23 Im Widerspruchsbescheid wird darüber hinaus auch auf den Zeitablauf seit dem
Auslaufen des Pachtvertrages abgestellt. Dieser Gesichtspunkt unter
Berücksichtigung des Kenntnisstandes der Behörde, auf dessen Grundlage die
Entscheidung getroffen wurde, läßt auf dem Hintergrund des Pachtvertrages und
seiner Abwicklung die Heranziehung des Klägers als vertretbar erscheinen. Das gilt
zunächst für die Anordnung der Beseitigung der Einfriedung: Der Behörde war
durch mehrfache Anfragen des Landgerichts Hanau und den zu den
Behördenakten gegebenen Teilvergleich bekannt, daß die von der früheren
Pächterin und ihrem Ehemann errichtete Einfriedung nach Pachtende auf die im
Pachtvertrag unter Ziff. 5 vorgesehene Weise im Wege des Aufwendungsersatzes
vom Kläger abgelöst worden war. Insoweit war im Verhältnis zwischen der früheren
Pächterin und dem Kläger mit Abschluß des Vergleichs ein Beseitigungsrecht nicht
mehr gegeben. Insoweit entspricht der Sachverhalt der dem Urteil des Senats
vom 11.11.1977 (IV OE 44/76) zugrundeliegenden Fallgestaltung. In dieser
Entscheidung hat der Senat die Heranziehung des Grundstückseigentümers zur
Beseitigung einer baulichen Anlage, die der Pächter im Rahmen des
Pachtvertrages errichtet hat, als ermessensfehlerfrei angesehen. Dasselbe muß
aber auch für das Wochenendhaus gelten. Der Kläger hat dessen Errichtung nicht
etwa als gegen den Pachtzweck verstoßend angesehen und sich ihr widersetzt.

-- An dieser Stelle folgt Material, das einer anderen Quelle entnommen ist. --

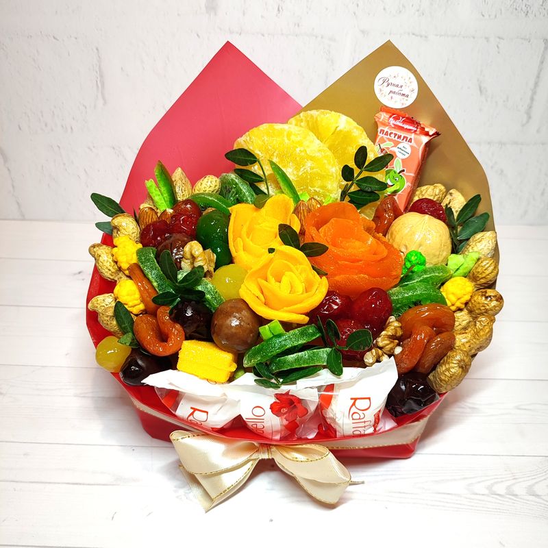| Материалы | Флористические материалы, сухофрукты, манго, курага, финики, ананас, киви, помело, дыня, вишня, кумкват, арахис в глазури, миндаль, пастила, конфеты Рафаэлло. | |
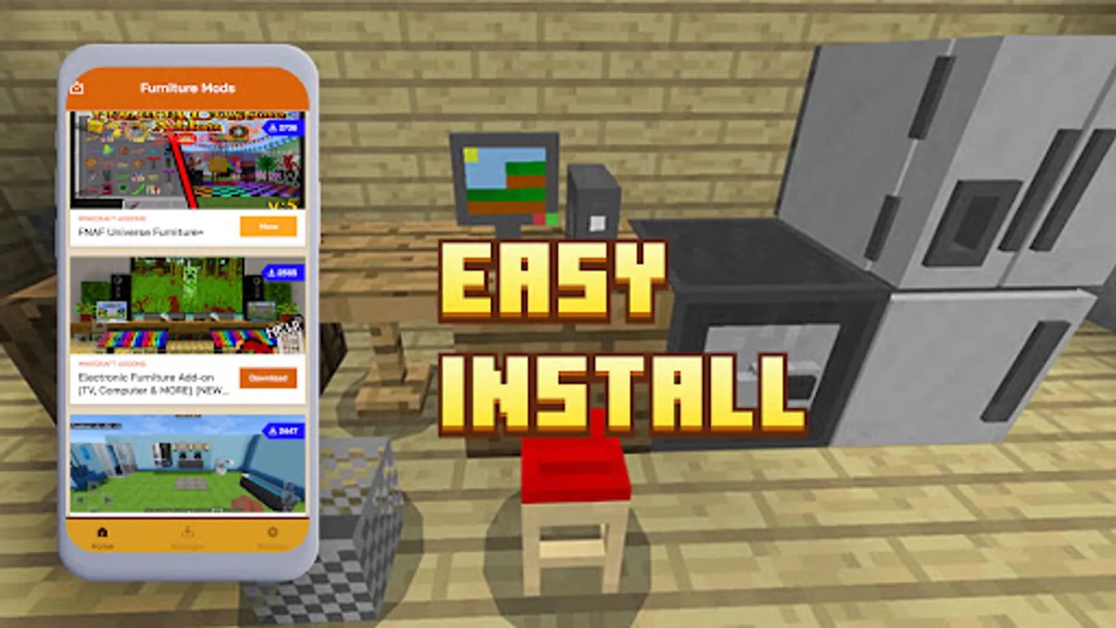Minecraft players are always searching for addons and mods for minecraft to make the gaming session much more enjoyable. When you add new skins, characters or furniture into the game, it really gives you pleasure. We are here with fantastic furniture for minecraft app so you can add any furniture you want and play as long as you want. Moreover, you can install and use our furniture addons for minecraft pe mcpe absolutely free of cost!
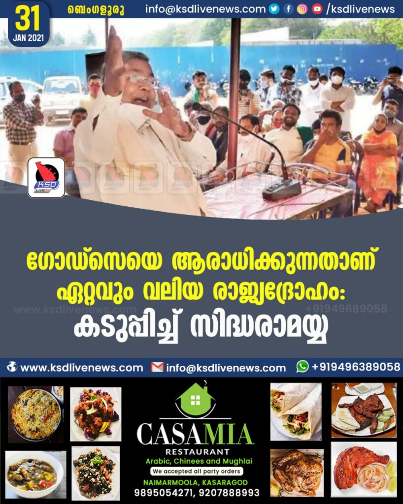 ഗോഡ്സെയെ ആരാധിക്കുന്നതാണ് ഏറ്റവും വലിയ രാജ്യദ്രോഹം ‘ : കടുപ്പിച്ച് സിദ്ധരാമയ്യ
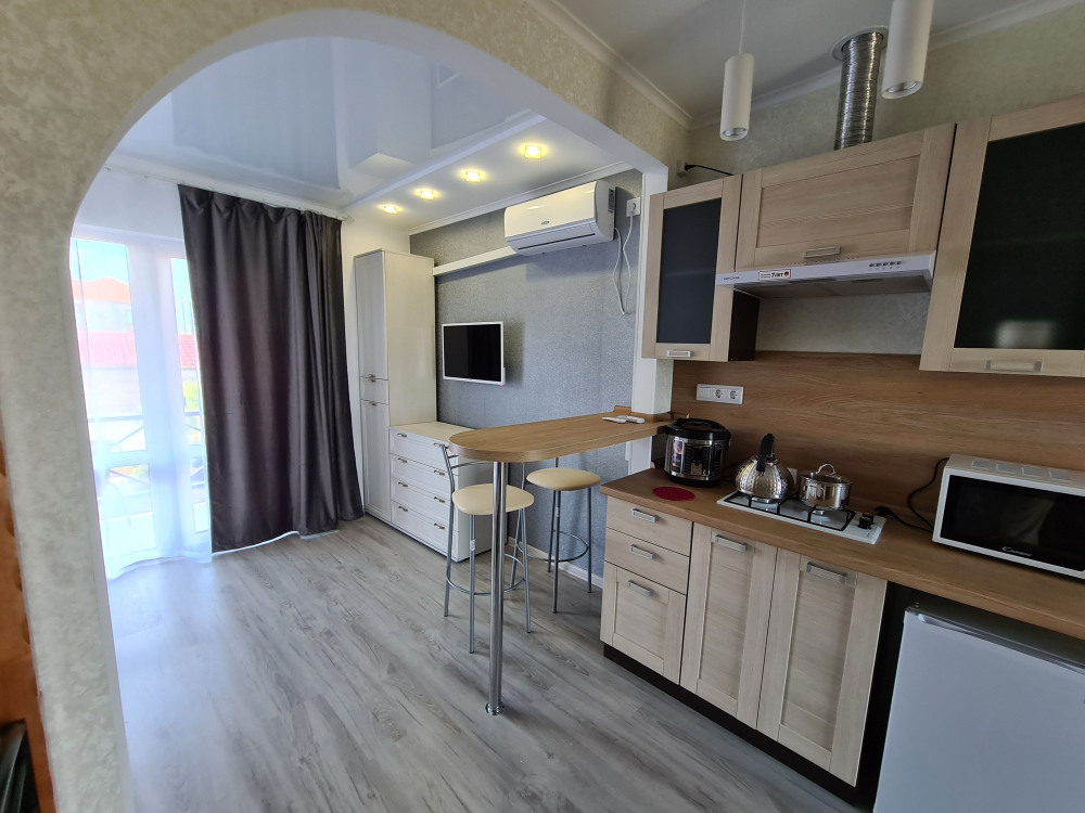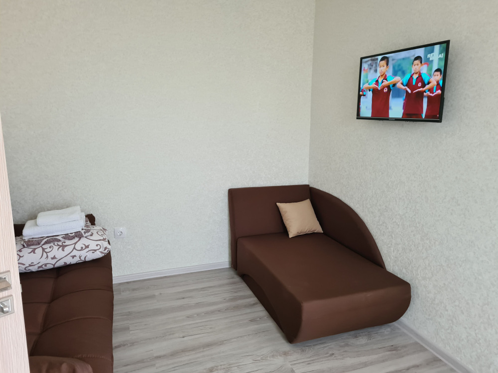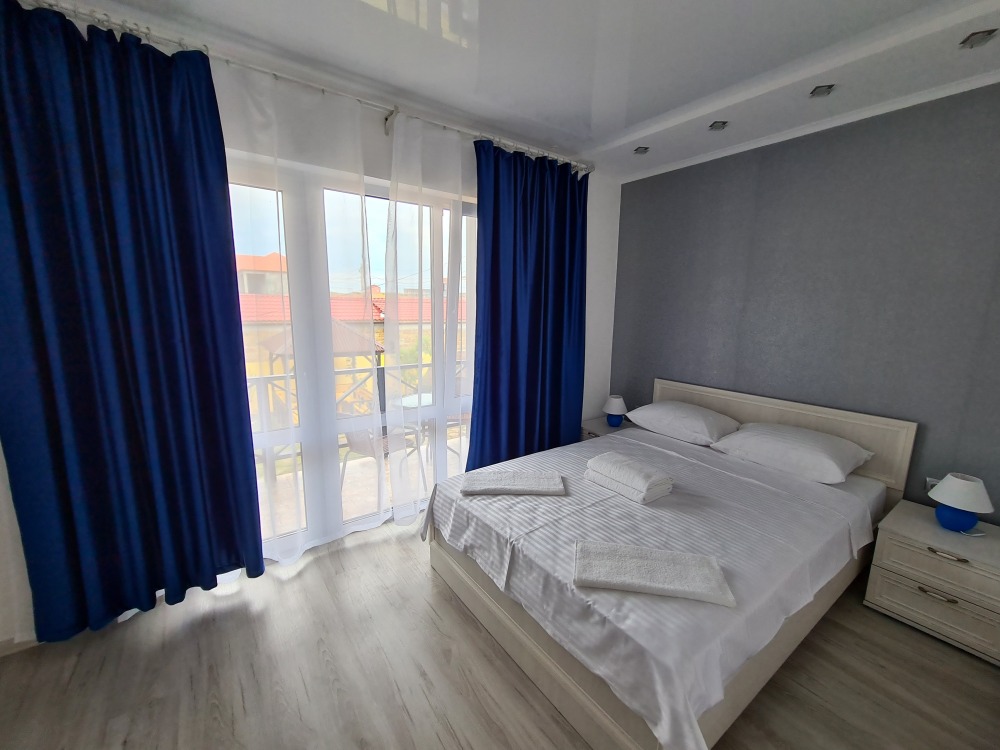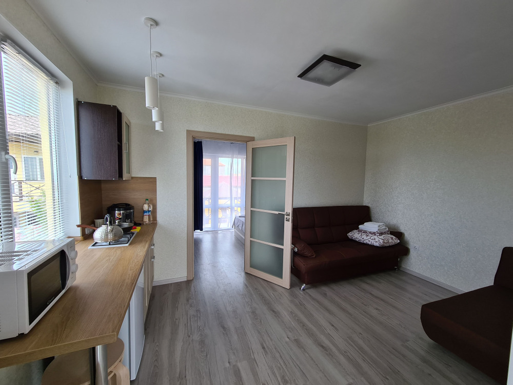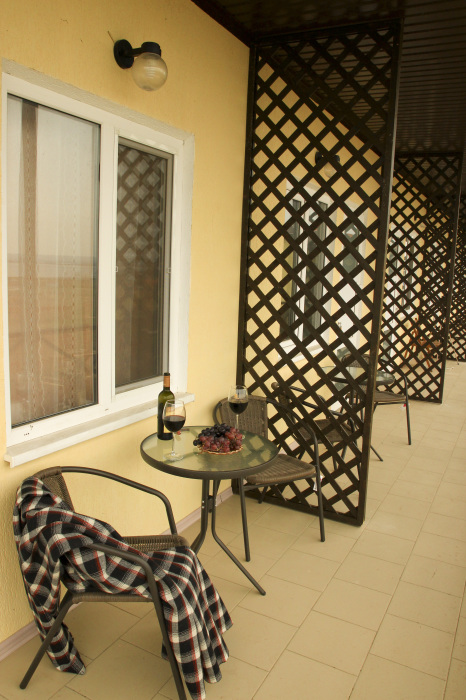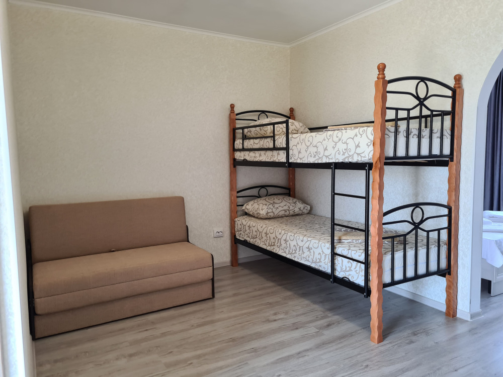 В наших комнатах - вся необходимая мебель, кондиционеры, телевизоры, санузел (холодная/горячая вода круглосуточно). Дополнительные места для Ваших детей, детские кроватки, стульчики для кормления, манеж. Из окон всех номеров открывается вид на море. На территории гостиницы комфортная обеденная зона с большим телевизором, просторная кухня с холодильником и плитой, уютная беседка с барбекю, детская площадка, парковка, Wi-Fi.
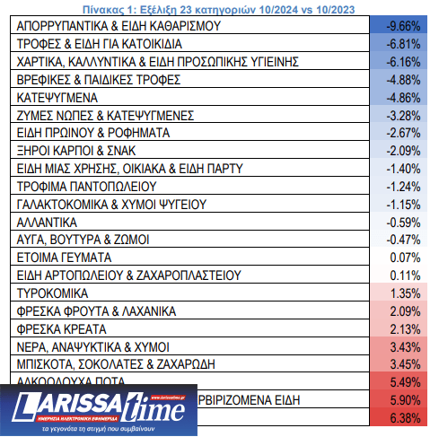 Από τις 23 κατηγορίες που εξετάζονται οι 13 κατέγραψαν μείωση και οι 10 αύξηση.
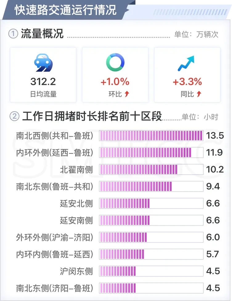 快速路工作日拥堵状况较5月和去年同期有所加剧,日均累计拥堵时长环比、同比分别增加4.5小时、26.6小时,但早、晚高峰拥堵情况缓解明显,道路交通指数环比、同比降幅均达到或超过10%。
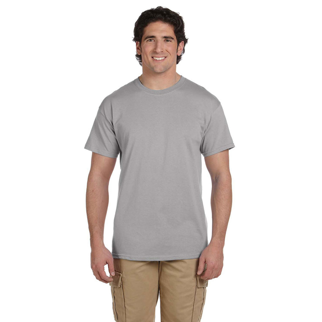 Practice being green in this custom Hanes Men's Oxford Grey 5.2 oz. 50/50 EcoSmart T-Shirt with the screen print of your choosing. Ideal for use as employee apparel as your workers will be comfortable all day in the cotton and polyester blend that contains up to 5% recycled polyester to help the planet. Make a statement at your next trade show or recruiting event with these company screen print tees that will be wanted by all. Also perfect for company outings or team sports in which knowing who is on your team is important. Place your order today for one of the 33 available colors.Highlights

Vielmehr spielte -- wie die wiederholten Anfragen des Landgerichts Hanau bei der
Bauaufsichtsbehörde bestätigen -- die Frage, ob das Wochenendhaus Bestand
haben oder jederzeit mit einer Abbruchverfügung der Bauaufsichtsbehörde
gerechnet werden konnte nur insoweit eine Rolle, als dieser Umstand für die Höhe
des Betrages von Bedeutung war, der bei der Auseinandersetzung gemäß § 5 des
Pachtvertrages gegebenenfalls auszugleichen war. Der Kläger war bereit den mit
dem Bestand des Hauses auf dem Grundstück verbundenen Vorteil zu nutzen,
wollte jedoch mit den Kosten für seine Beseitigung nicht belastet werden. Unter
diesen Umständen konnte er gleichrangig neben dem Pächter als Pflichtiger
herangezogen werden.
Hinweis: Die Entscheidung wurde von den Dokumentationsstellen der hessischen Gerichte
ausgewählt und dokumentiert. Darüber hinaus ist eine ergänzende Dokumentation durch
die obersten Bundesgerichte erfolgt.